# [Exercise prompt]
Using the listing below, set down exactly the lines from the one that contains "四年级(上)语文 期中专项训练专题1:字音辨析" through the one that contains "نوقشت في كلية", with no pictures.
### Information given
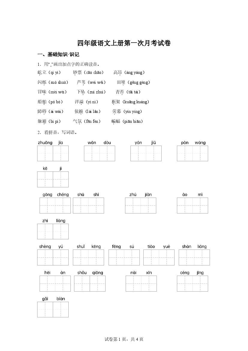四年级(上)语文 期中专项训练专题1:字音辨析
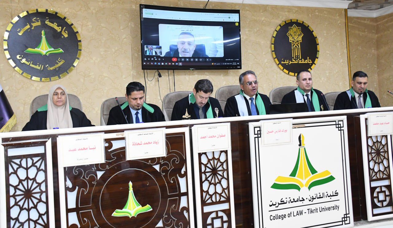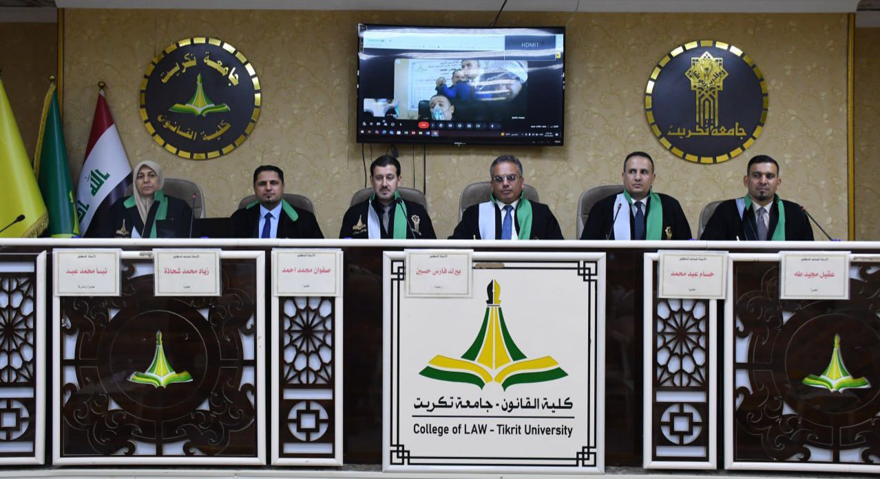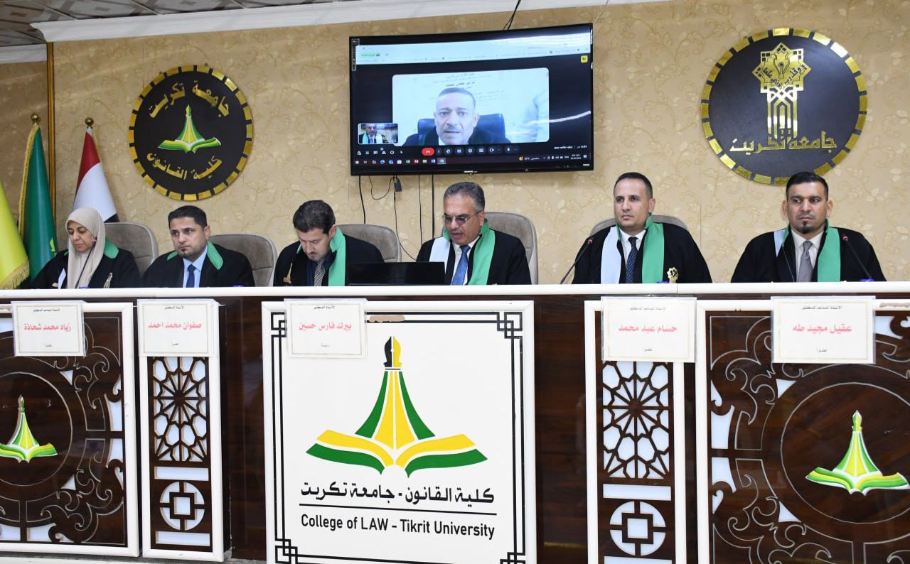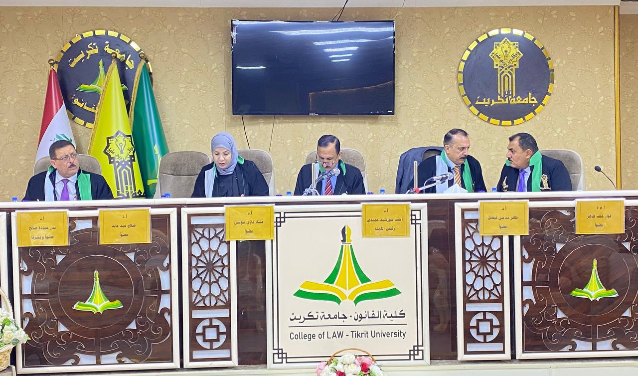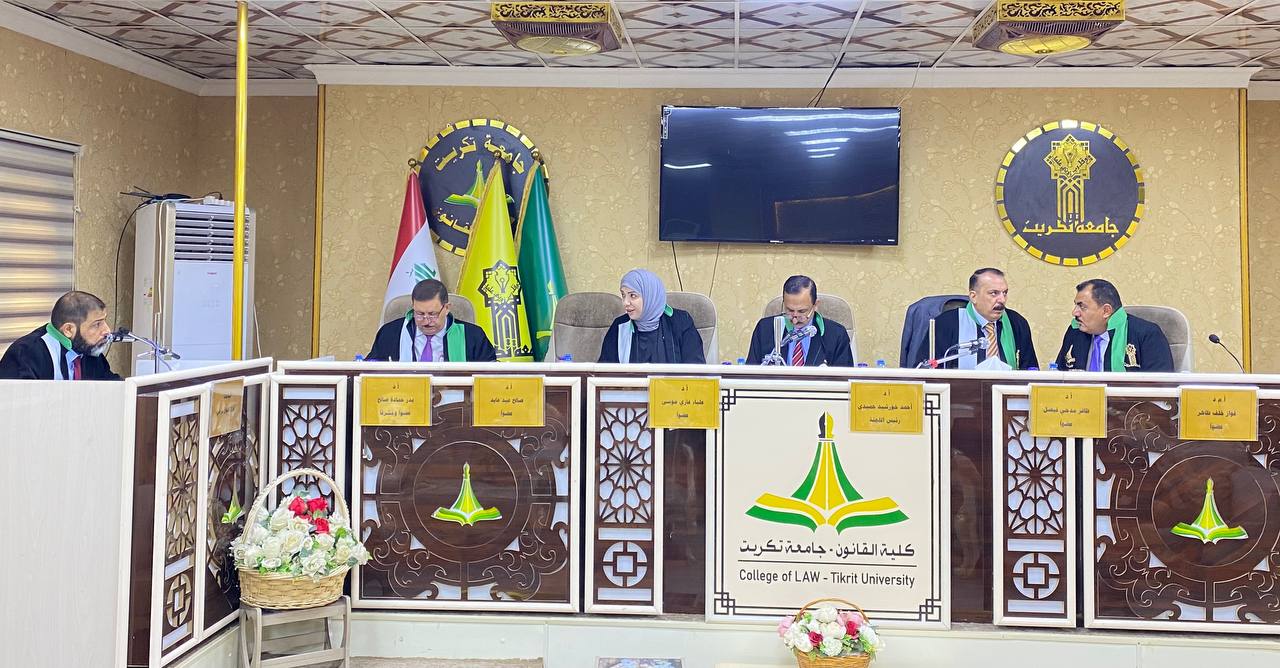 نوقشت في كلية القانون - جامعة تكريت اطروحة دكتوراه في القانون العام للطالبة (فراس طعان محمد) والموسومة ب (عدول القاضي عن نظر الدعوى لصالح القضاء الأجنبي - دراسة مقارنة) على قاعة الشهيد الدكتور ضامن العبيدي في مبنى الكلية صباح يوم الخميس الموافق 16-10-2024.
######
### Information given
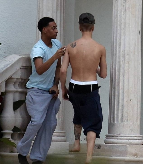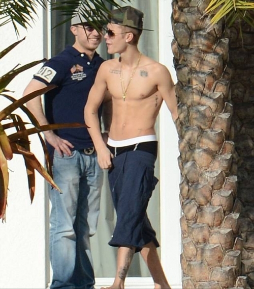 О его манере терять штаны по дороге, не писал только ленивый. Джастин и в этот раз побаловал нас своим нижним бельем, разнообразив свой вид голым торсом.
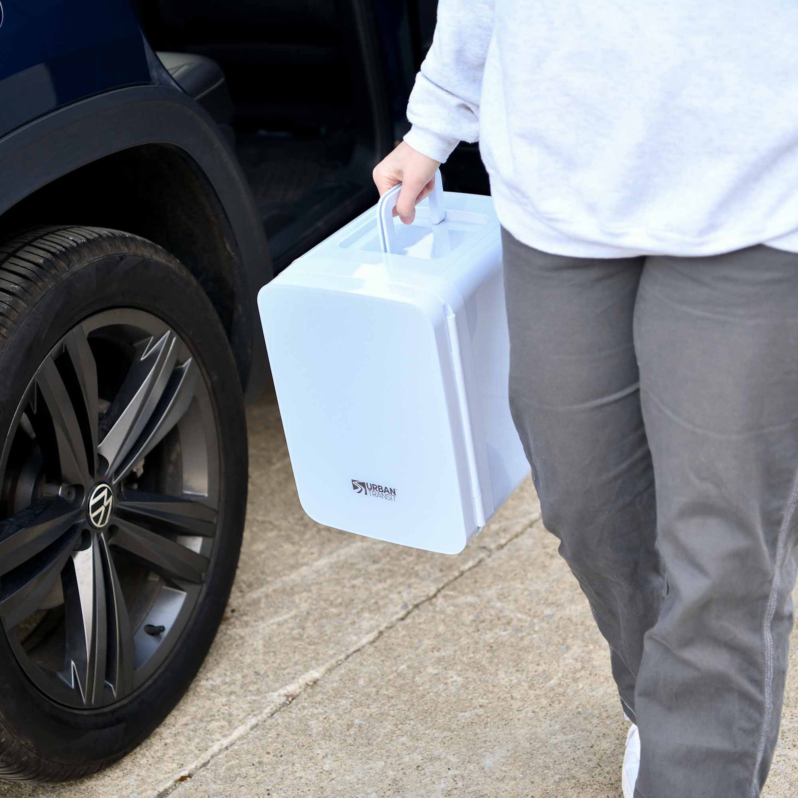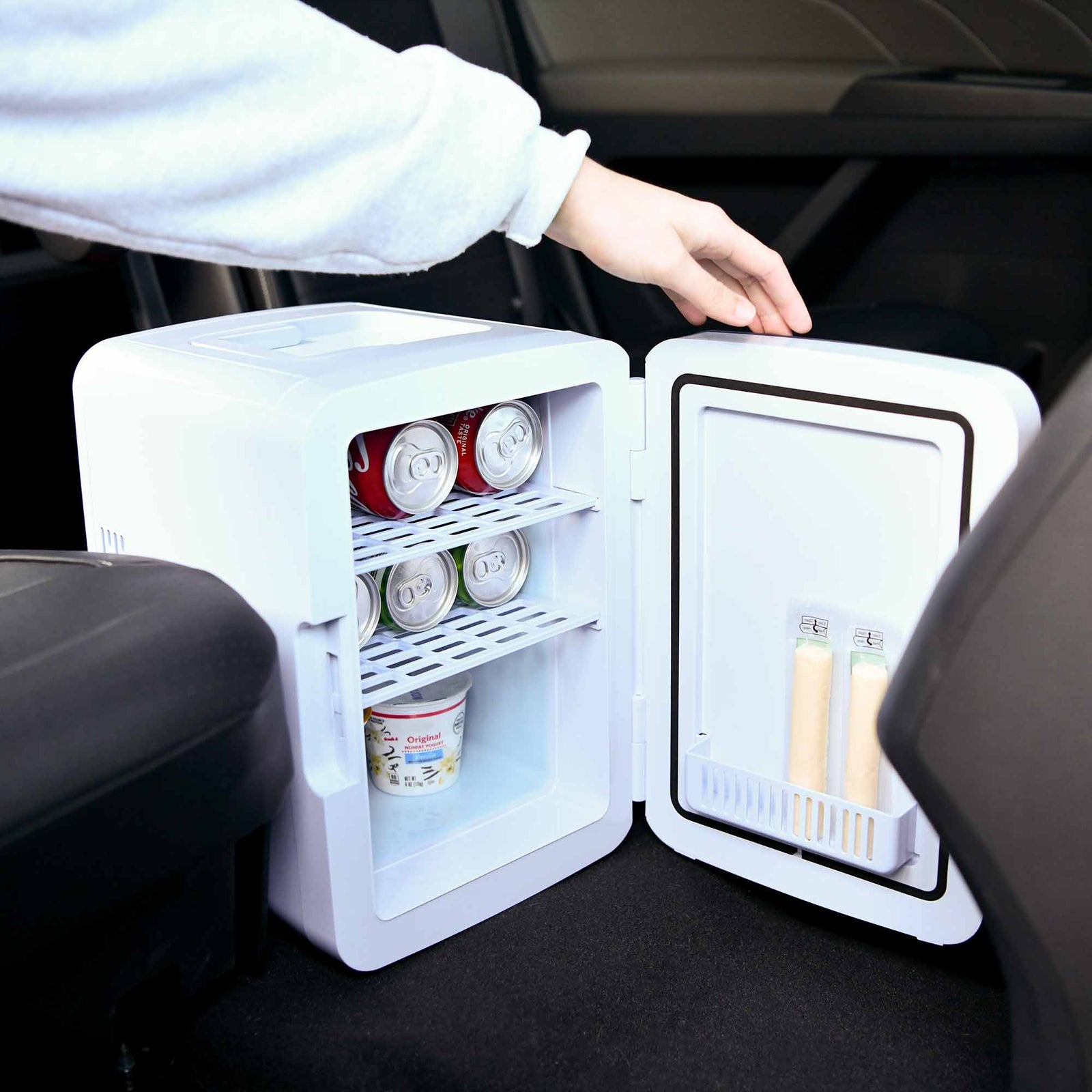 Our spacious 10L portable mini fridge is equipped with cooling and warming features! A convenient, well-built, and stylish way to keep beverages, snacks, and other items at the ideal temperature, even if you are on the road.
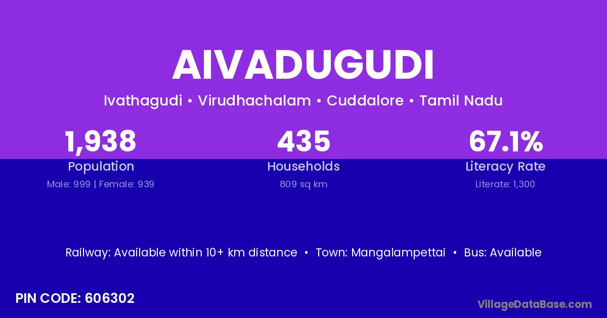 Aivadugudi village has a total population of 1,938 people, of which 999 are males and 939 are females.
######
# [Your response]
四年级(上)语文 期中专项训练专题1:字音辨析
 نوقشت في كلية القانون - جامعة تكريت اطروحة دكتوراه في القانون العام للطالبة (فراس طعان محمد) والموسومة ب (عدول القاضي عن نظر الدعوى لصالح القضاء الأجنبي - دراسة مقارنة) على قاعة الشهيد الدكتور ضامن العبيدي في مبنى الكلية صباح يوم الخميس الموافق 16-10-2024.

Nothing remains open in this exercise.